Another study used the combined approach of structure-based pharmacophores for virtual screening followed by docking for identification of Trypanosoma brucei leucyl-tRNA synthetase (TbLeuRS) inhibitors.80 The crucial interaction patterns between TbLeuRS and Leu-AMS (stable analog of endogenous substrate Leu-AMP) were analyzed using LigandScout.31 Four structure-based pharmacophore models were generated and subsequently evaluated by a set of 20 molecules including substrate analog Leu-AMS, ten known LeuRS inhibitors, and nine random compounds from the SPECS database. The pharmacophore models were used to screen SPECS database, and a number of 2-pyrrolinones were discovered to be TbLeuRS inhibitors. The most potent compound was 5-(3-fluoro-phenyl)-3-hydroxy-1-[2-(1H-indol-3-yl)-ethyl]-4-(4-methoxy-benzoyl)-1,5-dihydro-pyrrol-2-one, with an IC50 of 170.3 μM. Based on this lead compound, new molecules were designed, synthesized, and evaluated by docking and experimental evaluation, with promising results.

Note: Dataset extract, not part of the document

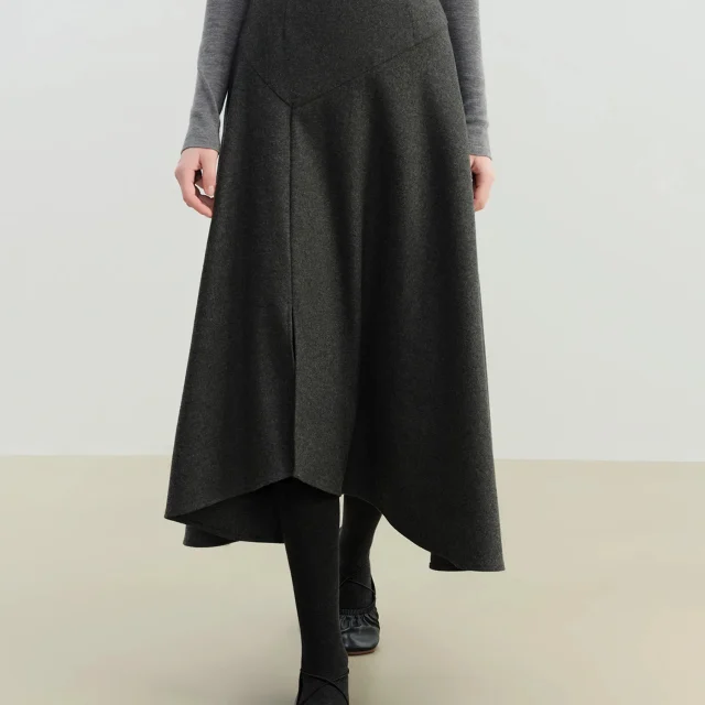 What truly sets this skirt apart is its asymmetrical design. While most midi skirts stay simple and predictable, this one adds visual interest with its angled seam and tasteful cutout. It brings character to your outfit without sacrificing professionalism. The wool-blend fabric keeps you warm during colder months, while the slight stretch ensures you stay comfortable throughout the day.
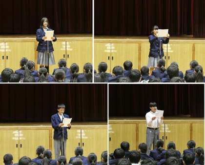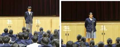 最初に部活動担当の先生より、部活総会の意義について説明があり、続いて3年生が引退後の各部の新部長(キャプテン)から部活動の目標などについて、決意表明が行われました。

Some of the studies employing both structure-based pharmacophores and ligand-based pharmacophores in the screening process have clearly established the superiority of the former over the latter for this purpose. Karkola et al performed one such study on the 17β-hydroxysteroid dehydrogenase type 1 (17β-HSD1) enzyme, a potential anticancer target.81 Structure-based pharmacophores were generated based on: the crystal structure of 17β-HSD1; the crystal structure of 17β-HSD1 with bound estradiol (Protein Data Bank entry code 1FDT); and the interactions of a potent inhibitor and the enzyme. The first pharmacophore was generated by applying the Catalyst protocol of Discovery Studio 2.1 using the 17β-HSD1 crystal structure, while the other two pharmacophores were generated by applying the LigandScout program’s automatic pharmacophore generation protocol using the 17β-HSD1 crystal structure bound to estradiol and a potent inhibitor. LigandScout was used for the latter two cases because Catalyst cannot generate pharmacophores based on ligand receptor interactions. The Maybridge HitFinder™ Collection database with generated conformers was searched to find compounds that fitted the pharmacophoric requirements. Twenty compounds were obtained using pharmacophore-based screening. The compounds were further screened using docking and different scoring functions. The screening protocol was successful in identification of compounds having diverse structures quite different from the ligand complexed with 17β-HSD1. This study also involved generation of a ligand-based pharmacophore. However, the structure-based model proved more informative and superior for screening purposes. The hits obtained when a structure-based pharmacophore was used for screening were more diverse than those obtained using a ligand-based pharmacophore. The application of docking following pharmacophore-based database screening helped to rank the hits accurately and as per their reported activity.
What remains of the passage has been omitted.